Seed the random number generator with the time-step number before calling the radiation solver to guarantee reproducibility. #3384

sriharshakandala · 2024-10-14T18:46:24Z

No description provided.

Sbozzolo · 2024-10-14T20:15:16Z

Note that if you seed the random number every time you call radiation, you lose all the randomness properties of your RNG. RNGs require a statistical sample of values to satisfy basic entrophy properties, so we should fix the seed as infrequently as we can. If we do this once every checkpoint, we will reset the seed every ~700 numbers, which is not very much, so will probably also want an option to disable this behavior.
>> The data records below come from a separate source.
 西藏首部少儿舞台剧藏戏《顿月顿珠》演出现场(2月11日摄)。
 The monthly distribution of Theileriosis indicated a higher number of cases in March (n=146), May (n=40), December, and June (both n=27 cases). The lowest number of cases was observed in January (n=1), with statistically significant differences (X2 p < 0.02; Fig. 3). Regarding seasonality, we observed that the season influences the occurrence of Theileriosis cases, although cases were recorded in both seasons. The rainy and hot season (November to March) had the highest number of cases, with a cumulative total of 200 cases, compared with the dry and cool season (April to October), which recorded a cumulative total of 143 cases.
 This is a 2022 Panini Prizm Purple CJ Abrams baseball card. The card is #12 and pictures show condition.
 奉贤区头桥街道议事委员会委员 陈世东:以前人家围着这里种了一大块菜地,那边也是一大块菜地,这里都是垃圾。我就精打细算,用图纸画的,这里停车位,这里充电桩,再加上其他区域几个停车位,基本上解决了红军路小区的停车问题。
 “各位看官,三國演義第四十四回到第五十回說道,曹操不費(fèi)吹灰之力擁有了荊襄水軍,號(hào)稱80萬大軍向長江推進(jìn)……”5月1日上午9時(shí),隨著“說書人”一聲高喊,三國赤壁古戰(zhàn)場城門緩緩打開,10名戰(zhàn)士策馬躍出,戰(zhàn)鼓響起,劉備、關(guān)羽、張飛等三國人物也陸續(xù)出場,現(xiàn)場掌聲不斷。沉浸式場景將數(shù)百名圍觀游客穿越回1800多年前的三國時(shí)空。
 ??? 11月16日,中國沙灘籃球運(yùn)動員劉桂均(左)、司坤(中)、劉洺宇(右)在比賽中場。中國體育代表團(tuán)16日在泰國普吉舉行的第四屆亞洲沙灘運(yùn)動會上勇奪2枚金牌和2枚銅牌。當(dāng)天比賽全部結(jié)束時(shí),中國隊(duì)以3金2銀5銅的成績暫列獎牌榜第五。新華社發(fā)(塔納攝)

sriharshakandala · 2024-10-14T20:54:54Z

We are using a different seed at every rrtmgp call, based on the dycore time step number. Update flux is typically called every one hour with a dycore step of about 100 sec.
The number of rand calls, after seeding, for each update_flux call is typically of the order 3000 * 4 * 4 * (fraction of cols with clouds) * (average number of cloudy layers per cloudy column) * 2 * (>= 224)(i.e. 96,000 * frac of cols with clouds * avg # of cloudy layers per column * (>= 224)). I believe the percentage cloud cover is about 70%!
Linking seeding frequency with checkpoint frequency is not natural and, in general, does not guarantee reproducibility!

Sbozzolo · 2024-10-14T21:02:59Z

Linking seeding frequency with checkpoint frequency is not natural and, in general, does not guarantee reproducibility!
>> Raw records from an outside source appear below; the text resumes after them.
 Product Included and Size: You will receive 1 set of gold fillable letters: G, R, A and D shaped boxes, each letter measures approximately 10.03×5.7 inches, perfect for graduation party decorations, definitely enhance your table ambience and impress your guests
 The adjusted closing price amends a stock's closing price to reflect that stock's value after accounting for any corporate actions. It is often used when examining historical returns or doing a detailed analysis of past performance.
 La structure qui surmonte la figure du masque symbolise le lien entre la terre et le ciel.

Why not? We only need to seed at the checkpoint to ensure reproducibility and we need to be able to set the same seed upon restart.

The number of rand calls, after seeding, for each update_flux call is typically of the order 3000 * 4 * 4 * (fraction of cols with clouds) * (average number of cloudy layers per cloudy column) * 2 (i.e. 96,000 * frac of cols with clouds * avg # of cloudy layers per column).

Good!

Even so, we should interfere the least we can to ensure that the properties of the RNG are correctly realized.
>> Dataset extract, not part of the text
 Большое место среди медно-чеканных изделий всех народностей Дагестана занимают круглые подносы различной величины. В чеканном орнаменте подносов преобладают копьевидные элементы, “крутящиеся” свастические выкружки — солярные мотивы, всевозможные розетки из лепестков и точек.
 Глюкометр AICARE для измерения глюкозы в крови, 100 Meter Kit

sriharshakandala · 2024-10-14T21:06:51Z

Linking seeding frequency with checkpoint frequency is not natural and, in general, does not guarantee reproducibility!

Why not? We only need to seed at the checkpoint to ensure reproducibility and we need to be able to set the same seed upon restart.

The number of rand calls, after seeding, for each update_flux call is typically of the order 3000 * 4 * 4 * (fraction of cols with clouds) * (average number of cloudy layers per cloudy column) * 2 (i.e. 96,000 * frac of cols with clouds * avg # of cloudy layers per column).

Good!

Even so, we should interfere the least we can to ensure that the properties of the RNG are correctly realized.

The user can keep changing the checkpointing frequency during the course of a long simulation! Simulations run for the same integration time using different checkpointing frequency for different fractions of total integration time could see different results!

sriharshakandala · 2024-10-14T21:07:39Z

I do agree that we should have an option to turn off seeding completely if the user chooses to do so!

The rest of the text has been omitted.